■ **MATERIAL FOR THE TASK**
• • •

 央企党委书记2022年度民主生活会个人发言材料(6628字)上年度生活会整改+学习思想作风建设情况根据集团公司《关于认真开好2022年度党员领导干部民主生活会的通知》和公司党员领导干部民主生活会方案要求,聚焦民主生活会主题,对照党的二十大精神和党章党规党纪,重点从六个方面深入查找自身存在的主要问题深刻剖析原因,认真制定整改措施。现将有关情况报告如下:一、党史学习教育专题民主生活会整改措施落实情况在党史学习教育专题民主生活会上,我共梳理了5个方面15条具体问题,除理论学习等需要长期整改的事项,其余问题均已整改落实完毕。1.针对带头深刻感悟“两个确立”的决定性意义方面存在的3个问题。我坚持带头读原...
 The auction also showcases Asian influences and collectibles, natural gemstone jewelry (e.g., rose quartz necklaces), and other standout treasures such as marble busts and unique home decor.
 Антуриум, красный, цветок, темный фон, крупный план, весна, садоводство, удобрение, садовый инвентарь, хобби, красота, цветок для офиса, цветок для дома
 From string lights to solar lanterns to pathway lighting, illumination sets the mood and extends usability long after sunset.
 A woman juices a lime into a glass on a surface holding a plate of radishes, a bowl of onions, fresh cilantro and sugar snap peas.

• • •

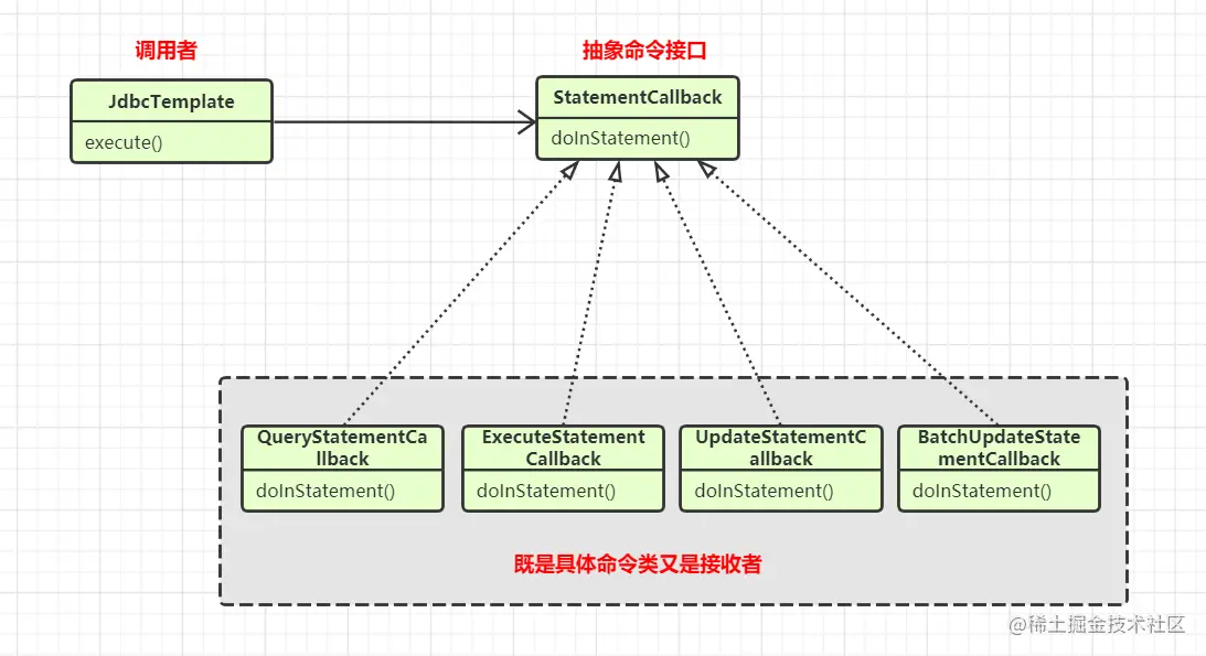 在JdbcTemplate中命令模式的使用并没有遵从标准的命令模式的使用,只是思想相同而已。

• • •

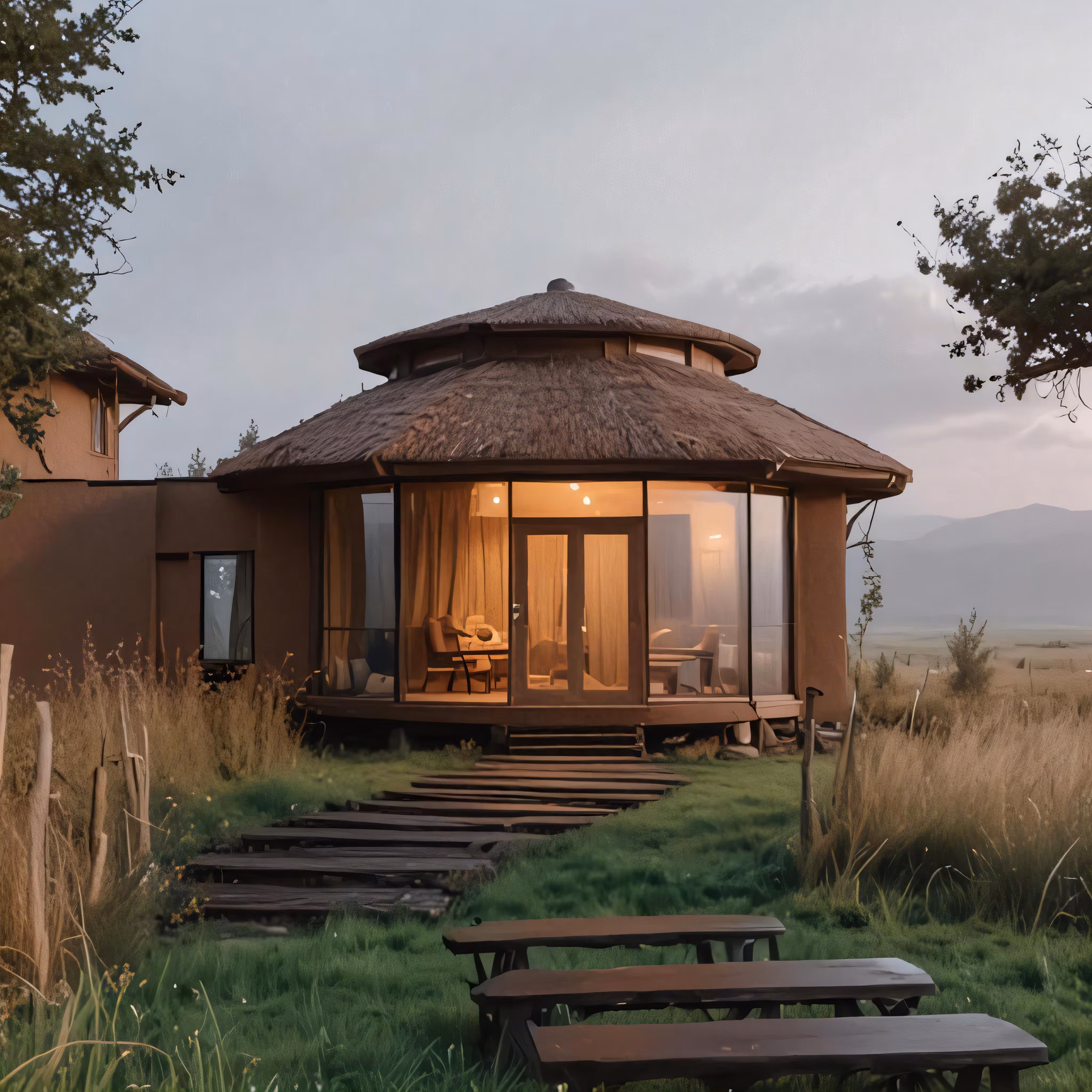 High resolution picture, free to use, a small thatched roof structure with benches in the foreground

• • •

■ **WORK TASK**
Everything above from the line with "央企党委书记2022年度民主" to the line with "From string lights", both included, must be repeated exactly, and nothing outside that range.

■ **SOLUTION FOR THIS EXERCISE**
 央企党委书记2022年度民主生活会个人发言材料(6628字)上年度生活会整改+学习思想作风建设情况根据集团公司《关于认真开好2022年度党员领导干部民主生活会的通知》和公司党员领导干部民主生活会方案要求,聚焦民主生活会主题,对照党的二十大精神和党章党规党纪,重点从六个方面深入查找自身存在的主要问题深刻剖析原因,认真制定整改措施。现将有关情况报告如下:一、党史学习教育专题民主生活会整改措施落实情况在党史学习教育专题民主生活会上,我共梳理了5个方面15条具体问题,除理论学习等需要长期整改的事项,其余问题均已整改落实完毕。1.针对带头深刻感悟“两个确立”的决定性意义方面存在的3个问题。我坚持带头读原...
 The auction also showcases Asian influences and collectibles, natural gemstone jewelry (e.g., rose quartz necklaces), and other standout treasures such as marble busts and unique home decor.
 Антуриум, красный, цветок, темный фон, крупный план, весна, садоводство, удобрение, садовый инвентарь, хобби, красота, цветок для офиса, цветок для дома
 From string lights to solar lanterns to pathway lighting, illumination sets the mood and extends usability long after sunset.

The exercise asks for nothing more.